§ What you will do
Output each record exactly as given. Leave out every picture.

§ Supplied data
———

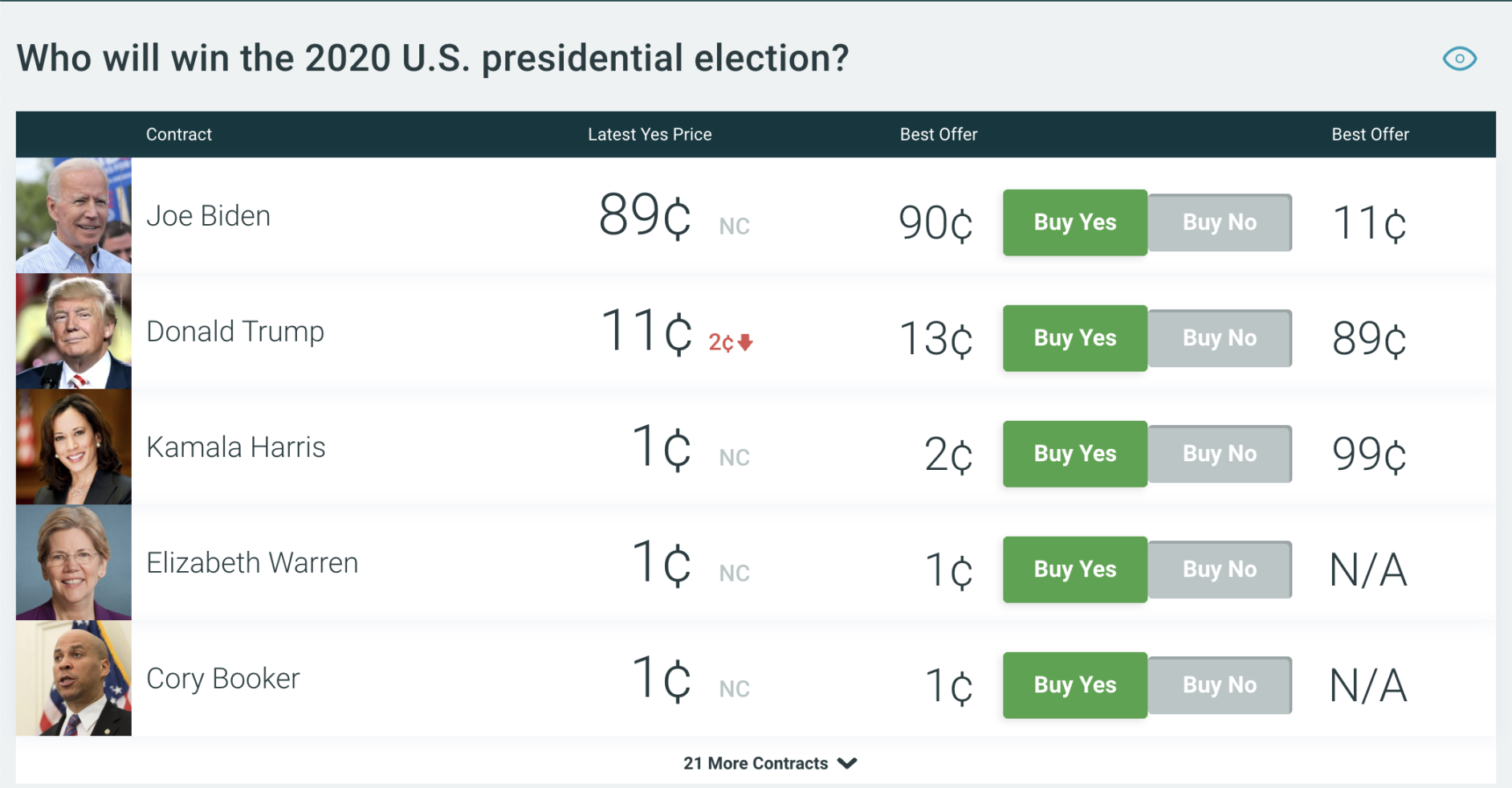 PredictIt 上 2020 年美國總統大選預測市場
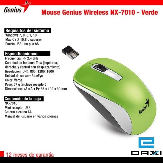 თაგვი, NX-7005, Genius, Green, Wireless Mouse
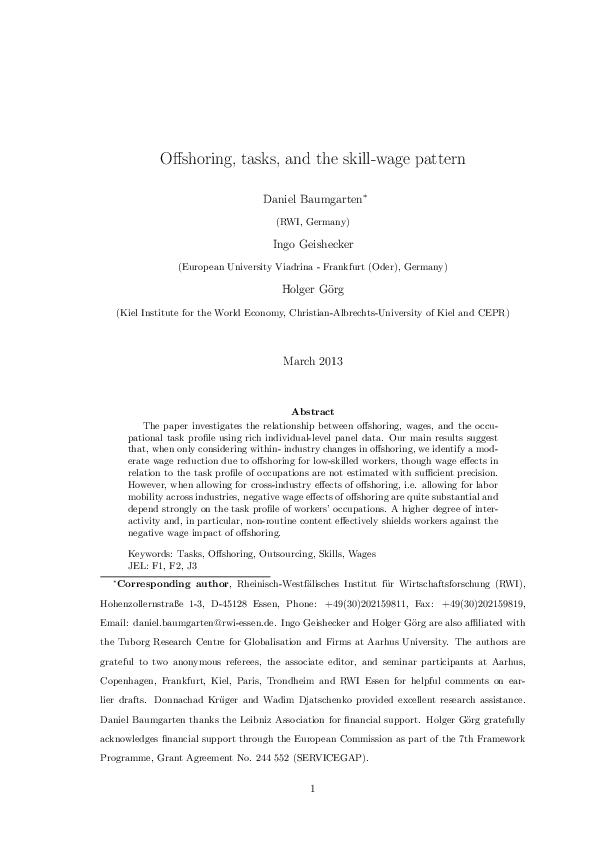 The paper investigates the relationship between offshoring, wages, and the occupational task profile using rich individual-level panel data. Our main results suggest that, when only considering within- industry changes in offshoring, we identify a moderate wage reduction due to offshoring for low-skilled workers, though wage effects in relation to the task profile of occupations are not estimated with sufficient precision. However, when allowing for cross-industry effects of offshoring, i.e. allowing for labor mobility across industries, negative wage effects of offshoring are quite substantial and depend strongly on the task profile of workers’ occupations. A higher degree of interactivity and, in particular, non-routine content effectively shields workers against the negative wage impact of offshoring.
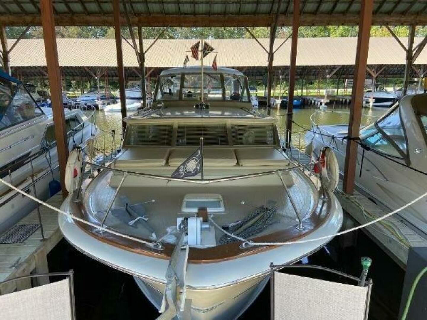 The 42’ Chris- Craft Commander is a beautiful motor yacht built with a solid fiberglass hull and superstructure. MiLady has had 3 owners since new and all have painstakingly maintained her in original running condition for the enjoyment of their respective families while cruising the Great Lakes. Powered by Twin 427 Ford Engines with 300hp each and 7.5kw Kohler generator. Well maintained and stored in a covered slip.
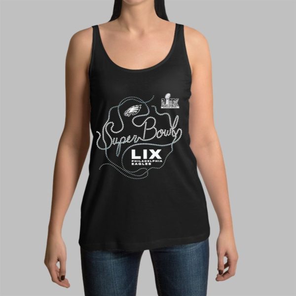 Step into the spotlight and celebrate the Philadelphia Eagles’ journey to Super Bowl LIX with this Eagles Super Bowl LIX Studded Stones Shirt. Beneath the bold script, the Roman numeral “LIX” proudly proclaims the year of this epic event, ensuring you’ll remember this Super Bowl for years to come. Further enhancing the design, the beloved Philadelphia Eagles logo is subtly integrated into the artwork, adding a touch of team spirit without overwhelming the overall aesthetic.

———

§ Written answer
 PredictIt 上 2020 年美國總統大選預測市場
 თაგვი, NX-7005, Genius, Green, Wireless Mouse
 The paper investigates the relationship between offshoring, wages, and the occupational task profile using rich individual-level panel data. Our main results suggest that, when only considering within- industry changes in offshoring, we identify a moderate wage reduction due to offshoring for low-skilled workers, though wage effects in relation to the task profile of occupations are not estimated with sufficient precision. However, when allowing for cross-industry effects of offshoring, i.e. allowing for labor mobility across industries, negative wage effects of offshoring are quite substantial and depend strongly on the task profile of workers’ occupations. A higher degree of interactivity and, in particular, non-routine content effectively shields workers against the negative wage impact of offshoring.
 The 42’ Chris- Craft Commander is a beautiful motor yacht built with a solid fiberglass hull and superstructure. MiLady has had 3 owners since new and all have painstakingly maintained her in original running condition for the enjoyment of their respective families while cruising the Great Lakes. Powered by Twin 427 Ford Engines with 300hp each and 7.5kw Kohler generator. Well maintained and stored in a covered slip.
 Step into the spotlight and celebrate the Philadelphia Eagles’ journey to Super Bowl LIX with this Eagles Super Bowl LIX Studded Stones Shirt. Beneath the bold script, the Roman numeral “LIX” proudly proclaims the year of this epic event, ensuring you’ll remember this Super Bowl for years to come. Further enhancing the design, the beloved Philadelphia Eagles logo is subtly integrated into the artwork, adding a touch of team spirit without overwhelming the overall aesthetic.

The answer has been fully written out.